I was working on this post last week when the 10g AWR/ASH petition came online here.  I’m of two minds about the issue.  In the end, I think limiting access to this data isn’t going to achieve what I believe to be Oracle’s goal of encouraging sales of Enterprise Manager Diagnostic Pack.  I’ve tried to evaluate the Diagnostic Pack — it’s not easy to install, and not easy to navigate.  Go ahead, try and find the links on oracle.com to the download and/or documentation.  (I tried this for the Change Management pack, and it was just about impossible to find).  Compare that with how easy it is to find and download the database, client tools and/or SQL Developer.  In the end, I think you’ll see people trying to re-create STATSPACK for 10g in a “public” fashion rather than running out and installing Enterprise Manager.  So, you’ll have a lot of time and effort spent in lobbying Oracle for access to this data, and/or effort spent on re-creating the data capture and storage in a public way — instead of inventing useful analysis tools based on the data that’s already there.

Ah well…

More interview questions

This weekend, Robert Vollman posted some of his ideas for SQL Interview questions.  I thought I’d share mine as well.  Mine are very simple, and really don’t call for single word answers.  When giving them, I used to give people a “grade” for their answer.  One of A, B, C and D (sometimes F).  “A” meant they fully understood the concept behind the question.  “F” meant they totally didn’t know and guessed wrong.  Sometimes I gave extra credit when they said they didn’t know the answer, and then asked me — I thought that demonstrated an innate curiosity.
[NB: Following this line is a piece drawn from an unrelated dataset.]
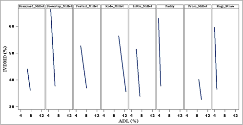Proximate analysis of all the straws treated with culture filtrate of C. scyphoides, revealed that there is a significant change in the percentage values of NDF, ADL, and ADF (at confidence interval 95%) when compared with control straws. All straws showed decrease in NDF, ADF and ADL. In-vitro digestibility of straws treated with MnP enzyme revealed that, in all the straws there is increase in % digestibility when compared with untreated control straws (Table 6) Finger millet and paddy straws were turned out be statistically promising results while straw and barnyard millet showed least response. Negative correlation was observed for correlation plots (Figure 15) plotted with ADL versus IVDMD with correlation coefficient of -0.83 for paddy, -0.92 little millet, -0.93 for foxtail millet, -0.81% barnyard millet, -0.97 for proso millet, -0.75 for brown top millet, -0.92 for finger millet and -0.81for kodo millet.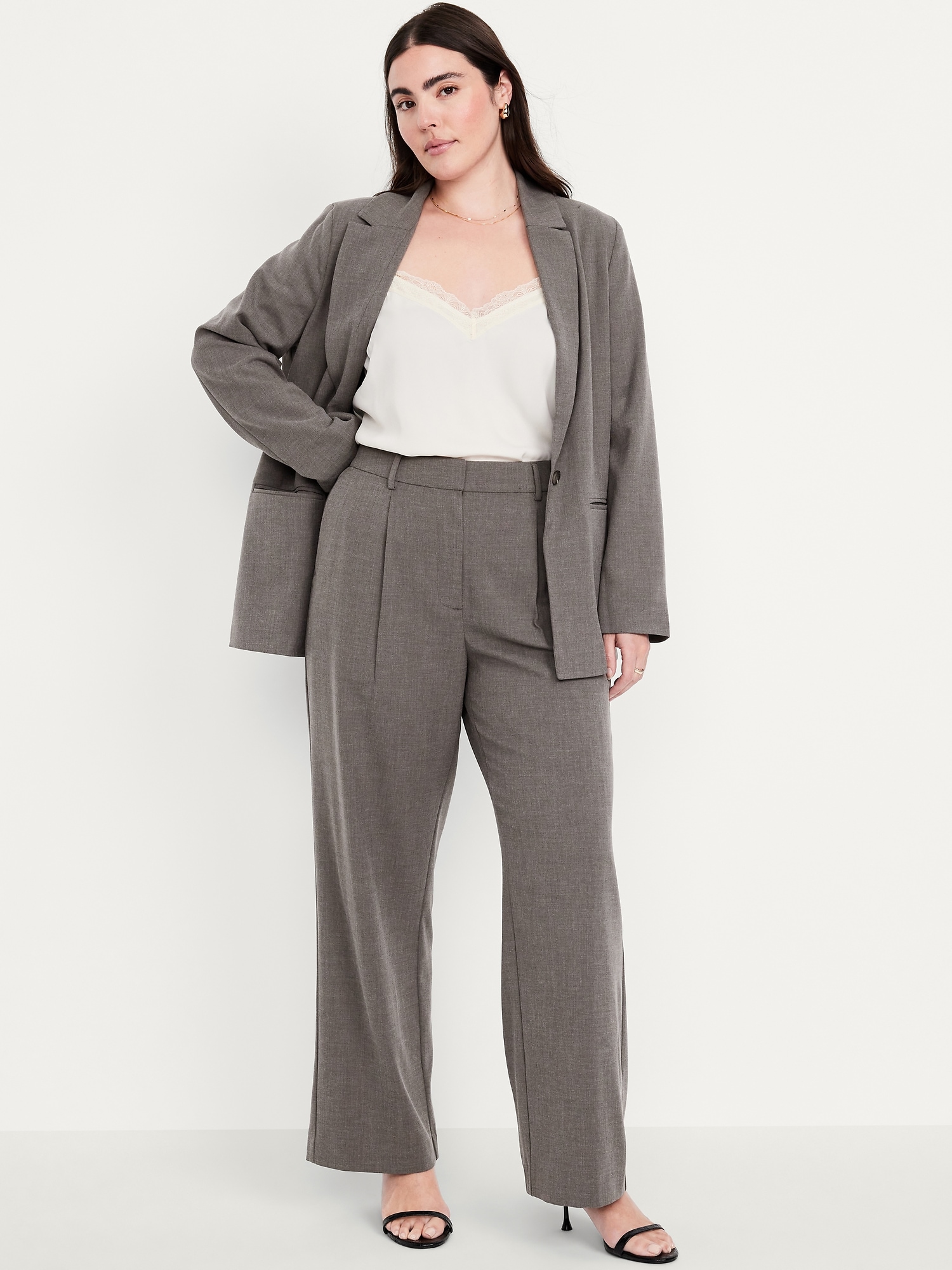Extra High-Waisted Taylor Wide-Leg Trouser Pants: Tailored pleats. Loose fit. Don’t do 9-5 (or 5-9) without them.adjustable waistband, belt loops, hook-and-bar closure, zip fly, hip pockets, functional back welt pocket, wide leg, #791424

Oh well, without further fuss, here are my questions:

SQL

What’s an inline view?
Can you have a SELECT clause in a SELECT column list?
If yes, what does it do when it retrieves no rows, more than one row?
What are analytic functions and give an example?
What does the NO_MERGE hint do?
What does the CARDINALITY hint do?
What’s your rule of thumb for index vs full-table scan?
What are the benefits and problems of parallel hints?
In implicit type conversions does Oracle convert numbers to chars or chars to numbers?

PL/SQL

How can you pass an array to / from a PL/SQL proc?
How can you join a table to a PL/SQL array?  Any issues to be aware of?
Can you use analytic functions in PL/SQL?
What do you use to write PL/SQL code?

Performance

What view shows what sessions are waiting on?
What’s an enqueue wait?
How can you tell which tables are being locked?
How can you tell which tables are having high row-level locking contention?
What’s a logical I/O?
How do you identify “bad” statements?  What do you consider bad?
How do you measure TEMP space usage?
How can you tell how long a statement will take before it finishes?
What is a “fetch across commit”?
How can you tell how much undo / rollback size a statement is using?

Physical Layout / Design

What’s the difference between a session and a process?
What is MTS and why would you use it?
What’s a function based-index?
What’s an IOT?
Can you create an index on an IOT?  What’s in it?
What’s a single-table hash-cluster?
Explain the difference between a global index and local index.
What’s a queue table?
What’s the difference between an LMT and a DMT?
What does AUTOALLOCATE mean?
What does DROP COLUMN do?
What does ALTER TABLE ADD COLUMN DO?  What happens if you add a DEFAULT VALUE?
Do you need to index columns which are foreign keys?  Why or why not?
What’s Advanced Queuing?
What’s XMLTYPE?
What’s online table redefinition?  How does it work?

Logical Layout / Design

What’s the CACHE parameter on sequence creation for?